There are two distinct mechanisms the IGF system targets to promote cell survival; the Bcl-2 family and caspase proteins [60]. Increased Bcl-2 expression has been reported in several cancer cell lines and tumors [6164] and leads to increased cell survival and resistance to chemotherapy treatment [65]. Bcl-2 immunolocalization in the placenta has been described in several papers [6668]; however its involvement in trophoblast cell apoptosis is still unclear. Soni et al. describe a gradual increase in Bcl-2 expression throughout pregnancy with maximal immunoreactivity occurring at term [69]. Ishihara et al. also suggest that based on their findings that abundant expression of Bcl-2 in term syncytiotrophoblast prevents cell death, allowing for the maintenance of placental mass near the end of pregnancy [66]. Additionally, the IGFs regulate caspase expression. Activation of IGF1-R can prevent cleavage of caspases in both cancer cells and fetal brain cells, preventing apoptosis [70, 71]. In accordance with the findings of Bcl-2 expression, there appears to be no caspase-mediated apoptosis in the syncytiotrophoblast of term villi of the placenta. There was also no response to stimulus-induced apoptosis in syncytiotrophoblast of villous explants from term placental tissue [72]. These data suggest that the syncytiotrophoblast can protect itself against apoptotic signals to continue to function and contribute to fetal growth until the end of pregnancy.
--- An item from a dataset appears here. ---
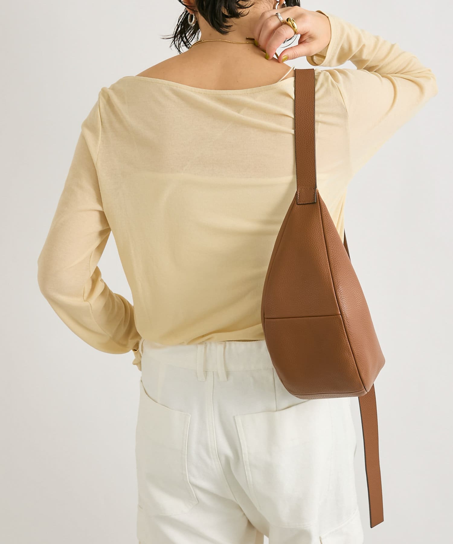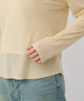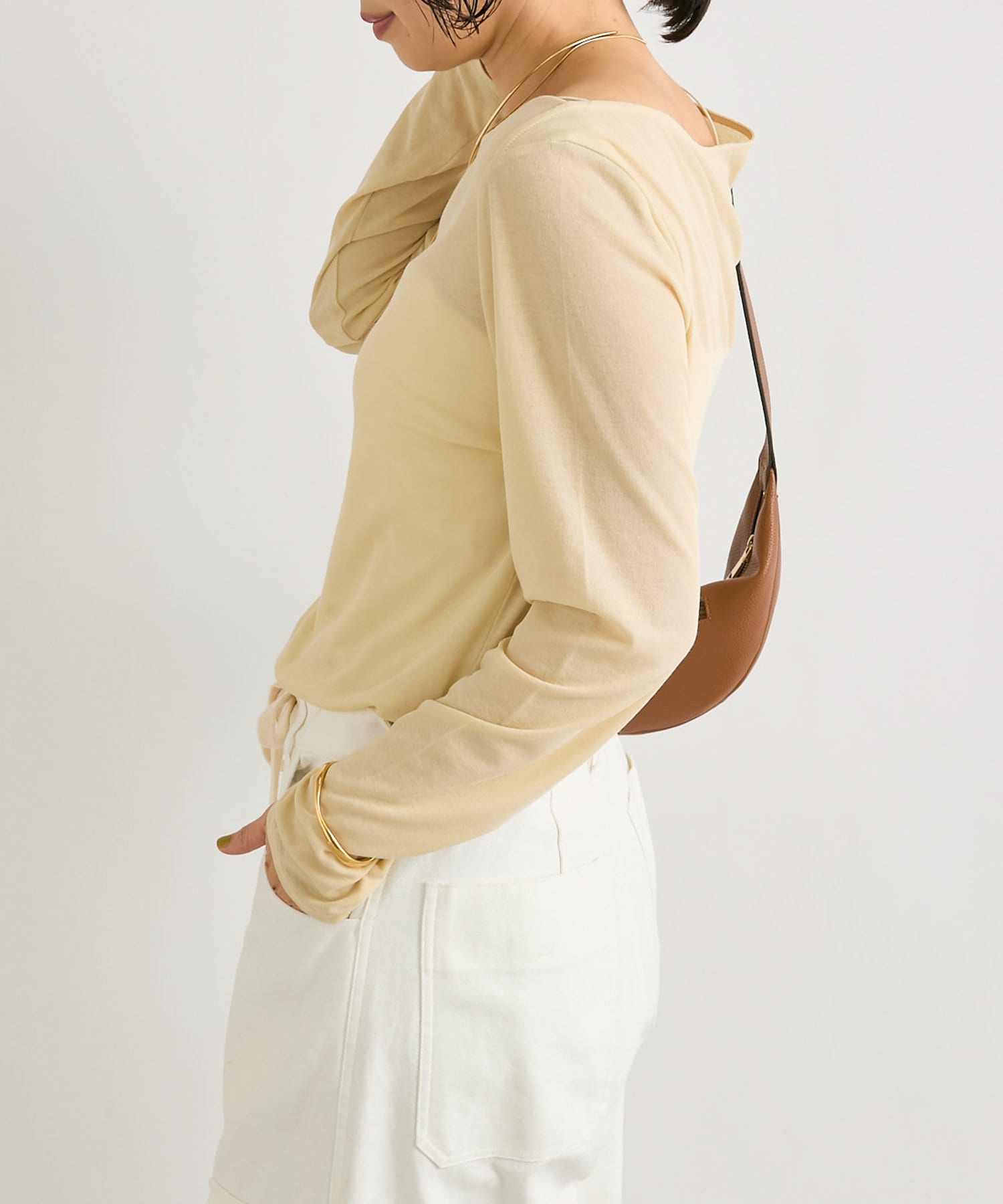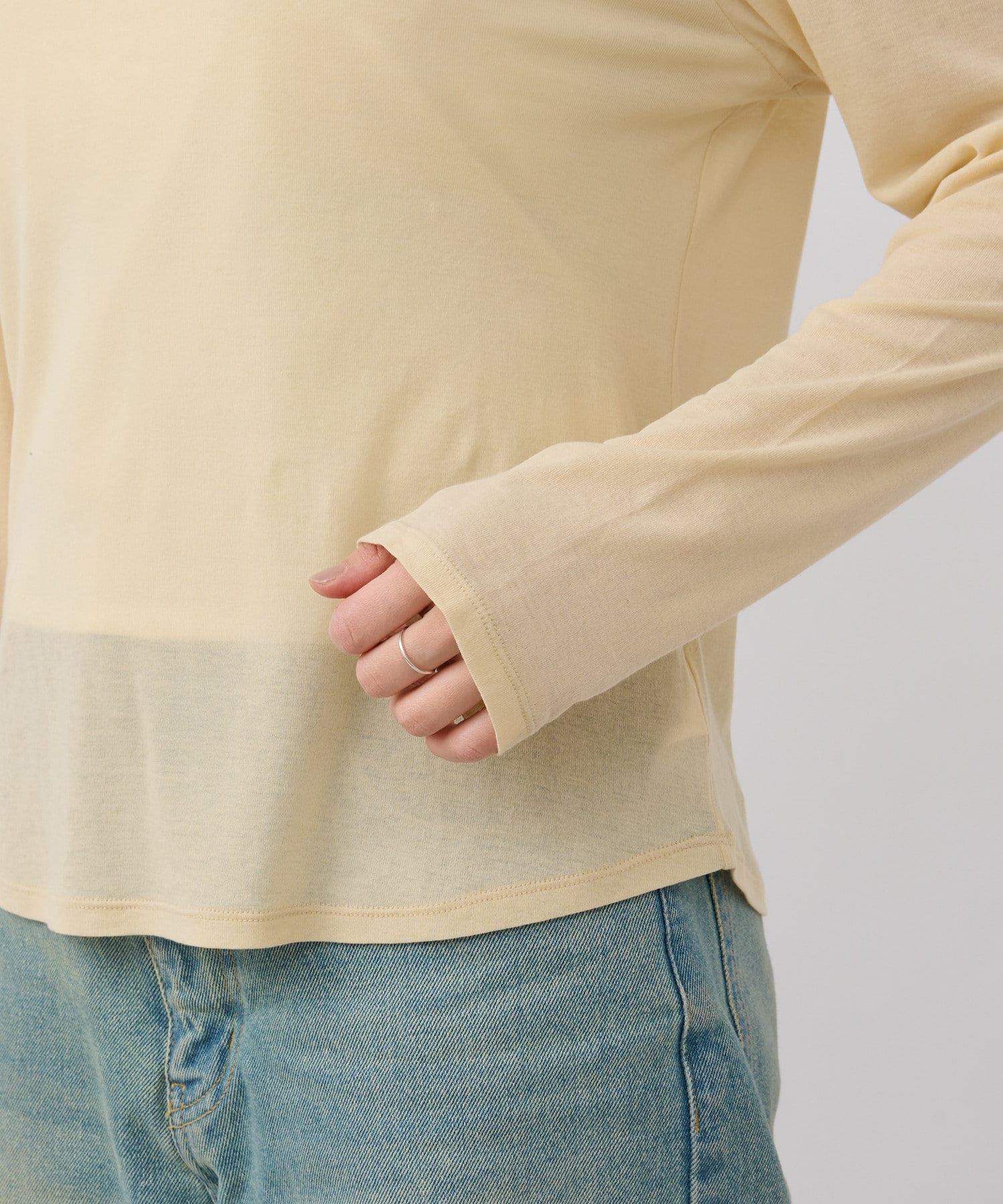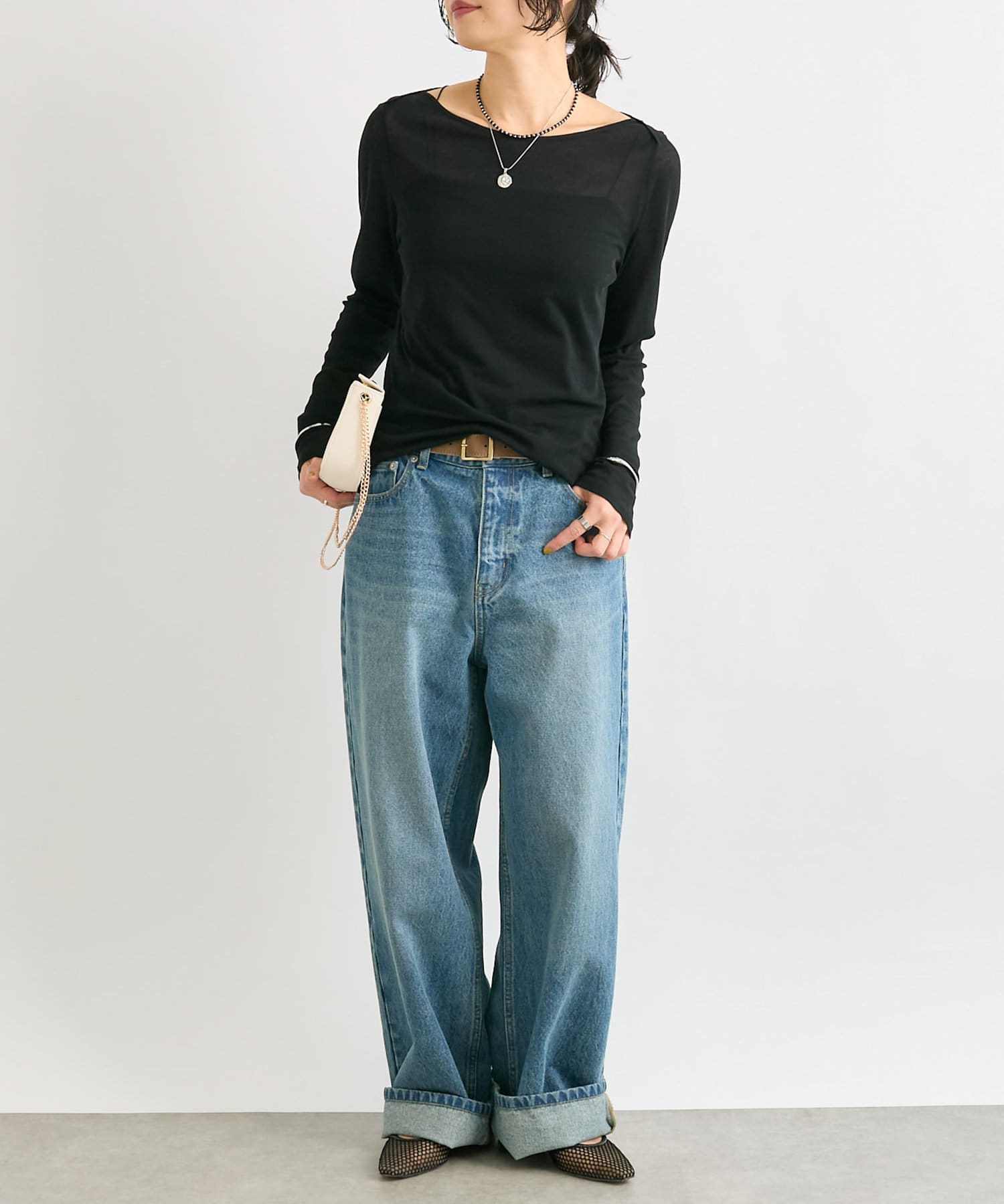 すっきりとしたボートネックデザインのシアー感あるロンTee。

In most cell types, the transcription factor p53 antagonizes IGF signaling to promote apoptosis and cell cycle arrest [73]. Several papers report that p53 closely monitors the IGF-1/Akt pathway and, upon sensing stress, negatively regulates IGF-1/Akt to halt cell proliferation and induce autophagy [7476]. This negative regulation occurs by p53 transactivating IGF-BP3. The family of IGF-BPs regulates ligand availability to their IGF receptors [77]. It has been shown that a p53-induced accumulation of IGF-BP3 in the extracellular medium of cells can inhibit mitogenic function of IGF-1 in vitro [78]. Increased IGF-BP3 leads to increased complexing to IGF-1, reducing their ability to bind IGF-1R to promote cell survival and proliferation [79]. However, over 50% of human cancers have p53 mutations, preventing it’s pro-apoptotic function to promote spontaneous tumorigenesis [80]. In the placenta, increased p53 protein expression in placental villi is correlated with pre-eclampsia [81]. As excessive apoptosis in the villous trophoblast of placental villi is a characteristic of pre-eclampsia, these data suggest that upregulated p53 induces a disproportionate amount of apoptosis, leading to placental insufficiency (Fig. 2).
Fig. 2
Fig. 2

IGF signaling in the placenta. IGF regulates cell proliferation and survival in placenta cells through several mechanisms. Both IGF-1 and IGF-2 bind to the IGF-1R to stimulate the MEK/ERK pathway and the PI3K pathway to promote cell proliferation and evasion of apoptosis. Additionally, downregulation of p53 leads to higher levels of IGF’s allowing for more proliferation and cell survival

Finally, another important anti-apoptotic factor often found in cancer is survivin [82]. Belonging to the “inhibitor of apoptosis” family, upregulation of survivin in cancers is directly correlated with apoptotic resistance, increased cell survival, and poor response to chemotherapy [83]. Survivin is yet another anti-apoptotic protein increased by IGF-1. In prostate cancer cells, stimulation with IGF-1 lead to increased survivin expression due to the increased stabilization and translation of survivin mRNA [84]. Alternatively, survivin has also been described as negatively regulated at the transcriptional level by p53 with the surivivin promoter having a p53 binding element although the exact mechanism of regulation by p53 is still poorly understood [82]. In the placenta, survivin is thought to play a crucial role in cell survival and proliferation of trophoblast cells [85, 86]. Messenger RNA levels of survivin were analyzed in first, second, and third trimester placentas of pre-eclamptic women, compared to normal placentas, survivin was significantly decreased. Additionally, survivin levels were directly correlated with severity of pre-eclampsia, with levels decreasing as pre-eclampsia became more severe [87]. Due to the upregulated levels of p53 in pre-eclampsia it has been suggested that the negative regulation of survivin by p53 is a potential cause of the low levels of survivin mRNA found in pre-eclamptic placentas [86].

Cell invasion

Human placentation is unique in that the EVT cells of the placenta invade fully into the maternal decidua to encapsulate and erode the spiral arteries, exposing the placenta to maternal blood [88]. The similarities between cell invasion of EVT cells and cancer cells are striking. However, one key difference is that trophoblast cells adhere to a tightly regulated pattern of proliferation then differentiation and invasion without metastasis into new tissues. Cancer cells proliferate rapidly, eventually seeking out other tissues to metastasize towards. Not surprisingly, many of the same factors are required for both neoplastic cells and trophoblast cells. Some of these requirements for invasion include altered expression of cell adhesion molecules, secretion of proteinases, and epithelial-mesenchymal transition.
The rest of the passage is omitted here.